The Enid News and Eagle, Enid, OK

Opinion

February 2, 2012

Practice makes perfect, or at least can save lives

Planes flew overhead, as usual, Thursday at Vance Air Force Base. Airmen went about their normal routines.

An officer walked to the commissary while some airmen played a game of pickup basketball.

The outward calm belied the tragedy that occurred hours earlier on base.

The sounds of gunshots broke the early morning calm in a building on the base’s south side. An unnamed suspect, an active duty military member, turned a gun on fellow airmen in a heart-stopping scenario known as “active shooter.”

Vance’s security forces responded, the base was locked down, training was halted and the suspect was arrested, but not before one airman was killed and 14 were wounded.

Lest you wonder why this newspaper carried no screaming front page headlines about this horrible event, and nothing was on the radio or television news about it, there is one simple reason. It never happened.

The whole scenario was an exercise, a rehearsal, a practice.

Vance’s 71st Flying Training Wing conducts a number of exercises every year, covering all manner of natural and man-made disasters.

They drill on how to handle aircraft accidents, tornadoes, chemical spills, train wrecks and truck bombs, just to mention a few. If it is bad and could happen on or around a military facility, they practice dealing with it.

The men and women at Vance rehearse so that if, God forbid, something tragic really happens, they will be prepared to handle it and won’t merely learn as they go, will be able to act, not simply react.

All exercises are evaluated, studied and dissected to determine where things went right and where they didn’t. This is the time, after all, to make mistakes, not when something truly catastrophic happens.

This particular exercise was somewhat different in that they asked an outsider to take part. A civilian was brought in to pretend to be a veteran, hard-nosed, no-nonsense, just the facts ma’am newspaper reporter asking all the hard questions and making the wing brass sweat.

They chose me. It was a bit of a stretch, but I managed.

I was escorted on base and given the chance to interview Col. Roger Witek, vice commander of 71st Flying Training Wing.

The goal was to see how wing leadership reacted to the natural media scrutiny that would accompany a disaster involving the base. I hope it helped them, I know it helped me. I know there were some questions I forgot to ask. But that’s what exercises are for, to learn.

Tuesday at 10:15 a.m. Oklahoma Office of Homeland Security is joining Federal Emergency Management Agency for what it is calling the Great Central ShakeOut.
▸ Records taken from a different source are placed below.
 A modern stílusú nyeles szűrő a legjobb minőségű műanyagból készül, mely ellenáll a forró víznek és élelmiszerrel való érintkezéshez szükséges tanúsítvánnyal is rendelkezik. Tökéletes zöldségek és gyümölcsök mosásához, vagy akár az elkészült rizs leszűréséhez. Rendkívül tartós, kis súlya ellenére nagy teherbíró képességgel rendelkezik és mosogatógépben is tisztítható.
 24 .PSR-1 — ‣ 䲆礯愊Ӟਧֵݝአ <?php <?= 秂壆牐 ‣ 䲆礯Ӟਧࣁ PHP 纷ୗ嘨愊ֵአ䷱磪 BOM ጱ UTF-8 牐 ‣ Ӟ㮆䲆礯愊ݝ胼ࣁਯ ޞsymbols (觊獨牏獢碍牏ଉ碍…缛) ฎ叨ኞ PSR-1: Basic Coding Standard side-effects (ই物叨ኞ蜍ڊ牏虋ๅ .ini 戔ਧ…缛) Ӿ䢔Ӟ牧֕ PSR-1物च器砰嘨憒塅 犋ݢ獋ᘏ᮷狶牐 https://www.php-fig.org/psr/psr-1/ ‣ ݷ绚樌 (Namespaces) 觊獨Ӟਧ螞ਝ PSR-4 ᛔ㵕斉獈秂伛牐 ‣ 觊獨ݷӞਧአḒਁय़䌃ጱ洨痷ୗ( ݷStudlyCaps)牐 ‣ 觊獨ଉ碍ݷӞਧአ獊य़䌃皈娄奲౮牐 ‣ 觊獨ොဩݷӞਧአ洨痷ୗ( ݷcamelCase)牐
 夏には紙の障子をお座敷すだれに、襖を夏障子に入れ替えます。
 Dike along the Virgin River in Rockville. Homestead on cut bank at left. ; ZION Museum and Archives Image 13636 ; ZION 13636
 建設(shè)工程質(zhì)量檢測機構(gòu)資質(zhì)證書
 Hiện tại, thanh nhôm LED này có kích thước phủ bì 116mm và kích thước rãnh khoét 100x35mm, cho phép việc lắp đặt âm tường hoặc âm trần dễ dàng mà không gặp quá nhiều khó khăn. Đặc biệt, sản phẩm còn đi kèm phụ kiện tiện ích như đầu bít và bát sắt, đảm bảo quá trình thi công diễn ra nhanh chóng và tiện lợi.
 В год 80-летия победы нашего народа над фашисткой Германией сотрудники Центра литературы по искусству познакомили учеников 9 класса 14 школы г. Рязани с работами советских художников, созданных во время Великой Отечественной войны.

The event is a public earthquake drill in nine states across the central U.S., including Oklahoma. At 10:15 a.m. Tuesday, National Weather Service will send an alert through the NOAA Weather Radio system, and participants will be asked to drop to the ground, take cover by getting under a sturdy desk or table and hold on to it until the shaking stops. Prior to last fall such a drill might have seemed silly to those of us in Oklahoma, but after the state was hit by a series of earthquakes, the largest registering 5.6 on the Richter Scale, it makes perfect sense.
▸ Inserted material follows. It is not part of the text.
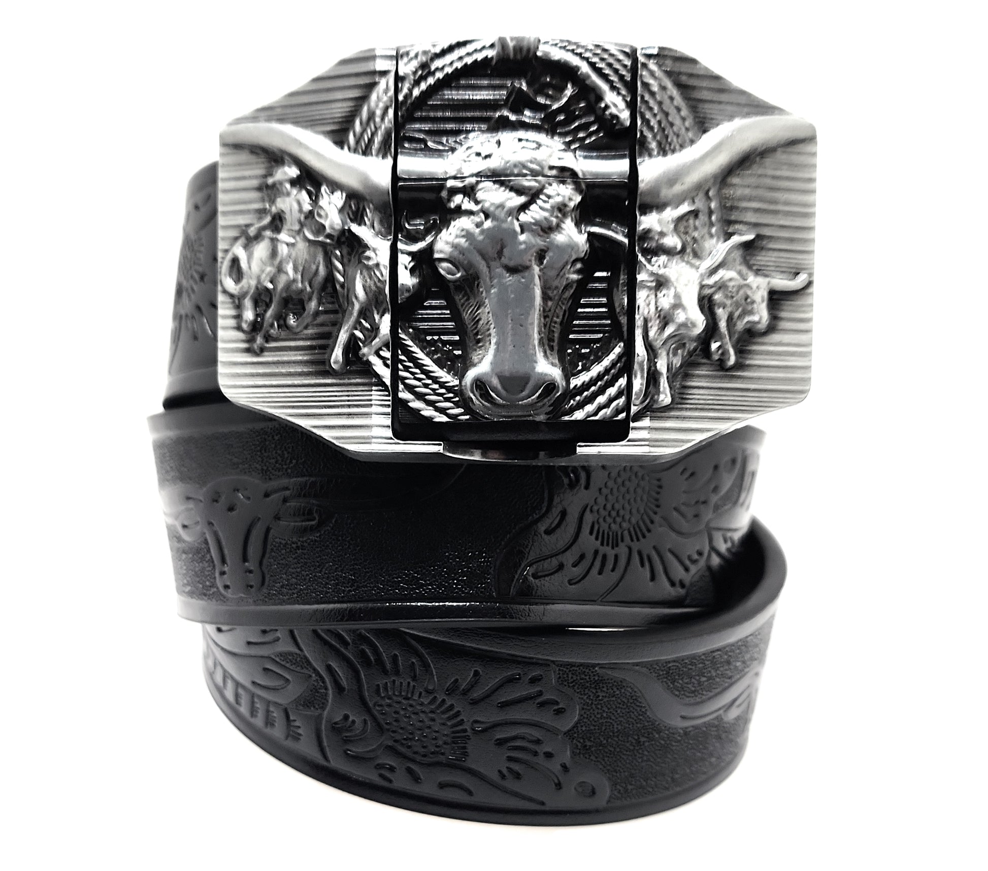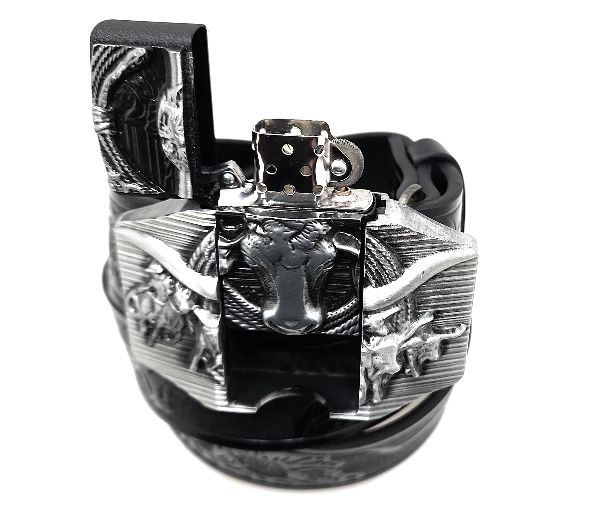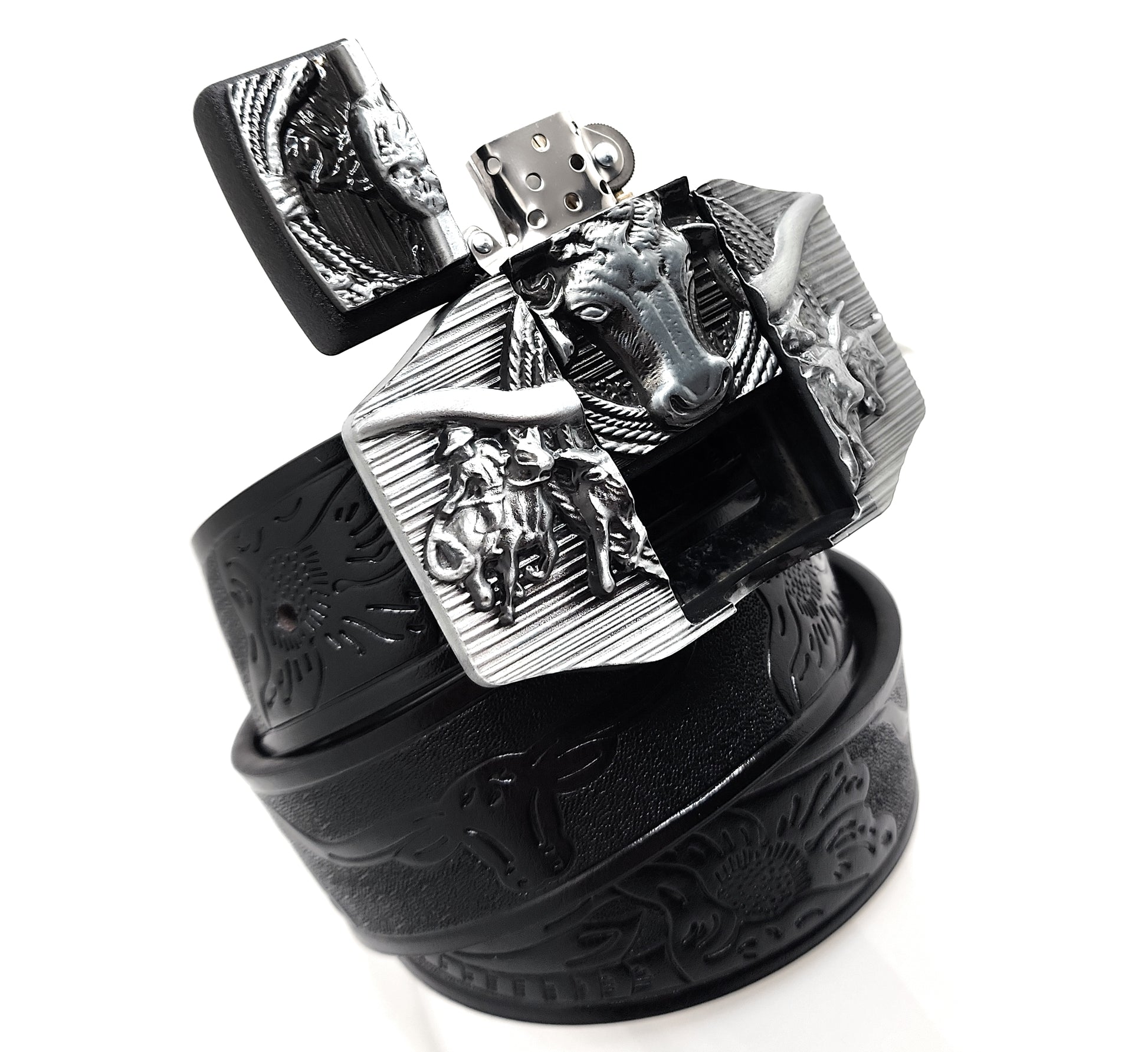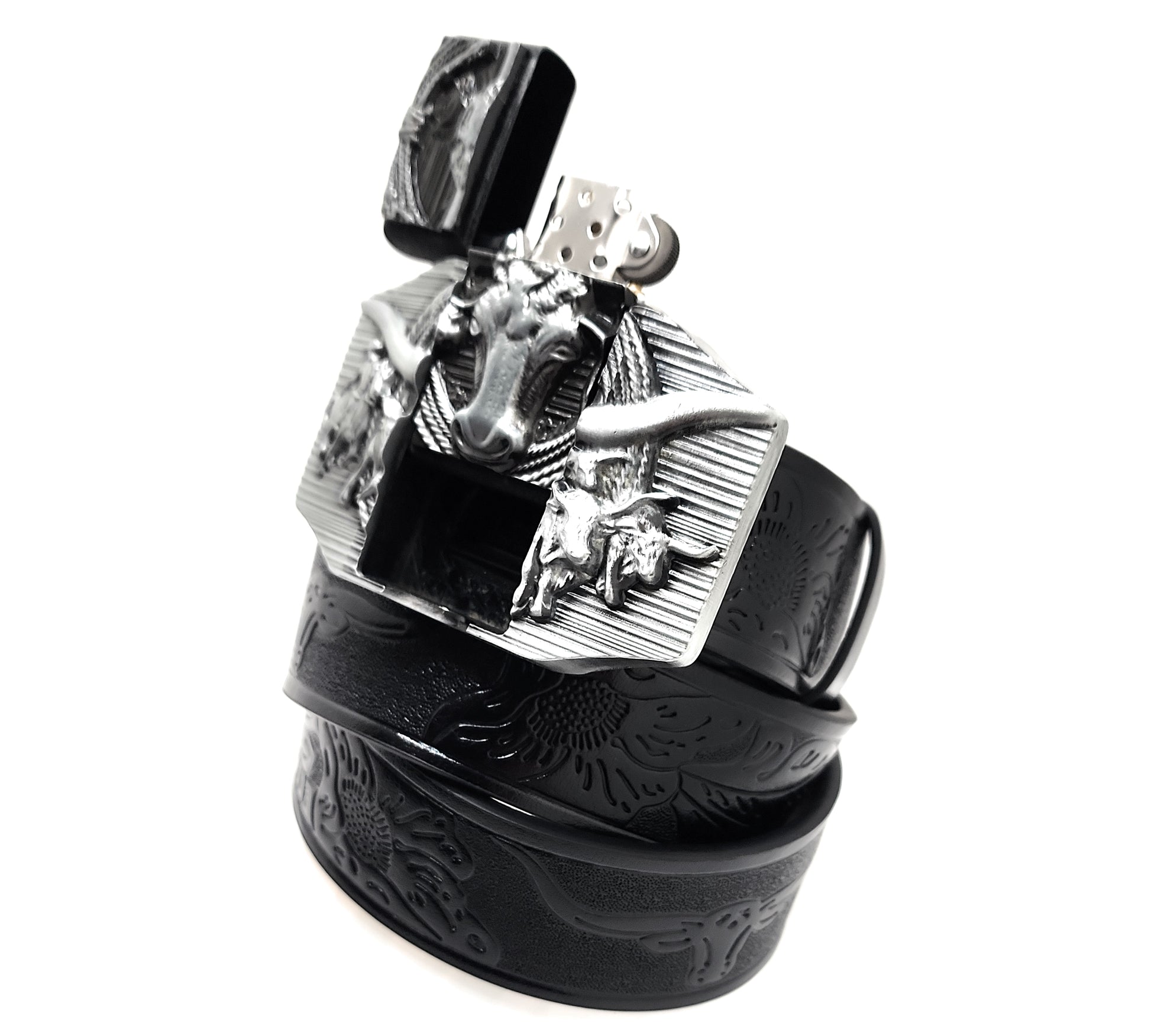 Silver Longhorn Lighter Belt Buckle and Black Belt (Embossed with Longhorns and Floral Pattern)

Does your family have a disaster plan? Not covering normal family catastrophes like Rover gobbling the standing rib roast right before your in-laws come to dinner, or 3-year-old Susie getting a notion to take off down the street wearing only a smile just when the preacher comes to visit, but real disasters like tornadoes, fires and the like.

Say it is 4 a.m., you’re snoring away, drooling on your pillow with visions of super models dancing in your head, when the smoke alarm goes off. What is the first thing you should do? And what about the kids, do they know what to do?

What about when Gary England says those fateful words “large tornado on the ground,” followed by the name of your fair city. What then?

Certainly we all hope nothing bad ever will happen to our homes or our families, but it behooves to have a plan of how to respond if something ever does.

In the case of fire, develop a home fire escape plan that includes locating two exits, usually a door and a window, from each room. Also, pick a safe meeting place for your family after you get out.

If there is a tornado warning, get into a storm shelter. If you don’t have one, get into an interior room with no outside walls. Take blankets, pillows, helmets (if you have them), a flashlight and a battery powered radio. Then cover up and sit tight until the danger passes.

It would be a good idea to hold regular family fire and tornado drills. You will undoubtedly learn something, knowledge you pray you will never, ever have to use.

The folks at Vance don’t take time practicing for disasters because these exercises are a pleasant diversion from their regular jobs, but they are all too aware of the saying, “Failing to prepare is preparing to fail.”

And in the case of a tornado or someone shooting innocent people, failure carries the ultimate price.